O presidente da Associação Espanhola da Banca explica que os beneficiários desta medida serão “os casos de doença grave, casos de dependência, os casos de idade avançada, casos de filhos… Todos estes casos estariam, evidentemente, incluídos neste capítulo.”

A lei espanhola em vigor desde o início do século XIX, favorece, em especial, os bancos e outros credores. Mesmo que o mutuário entregue o imóvel, a lei obriga a que salde a dívida, mesmo que o credor já tenha leiloado o imóvel.

Uma lei que deve ser, agora, revista.

“Esta situação vem de longe. Antes, o governo nunca tomou qualquer decisão. Que o faça o primeiro-ministro.
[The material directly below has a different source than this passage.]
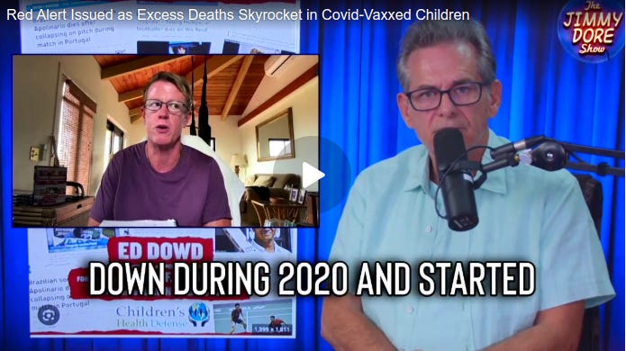 During a new interview on “The Jimmy Dore Show,” Dowd produced shocking data showing that excess child deaths are still surging higher, long after the Covid mRNA “vaccines” were first released almost four years ago.

Creio que é algo que temos de valorizar e agradecer também ao Governo por essa sensibilidade”, diz a secretária-geral do Partido Popular, María Dolores de Cospedal.

A medida, anunciada esta segunda-feira, não tem caráter retroativo, não sendo válida para processos de despejo que estão, já, em execução.

Os tribunais espanhóis ordenaram quase 19.000 despejos, só no segundo trimestre de 2012.
Desde 2008, quando começou a crise, foram executados mais de 200 mil imóveis.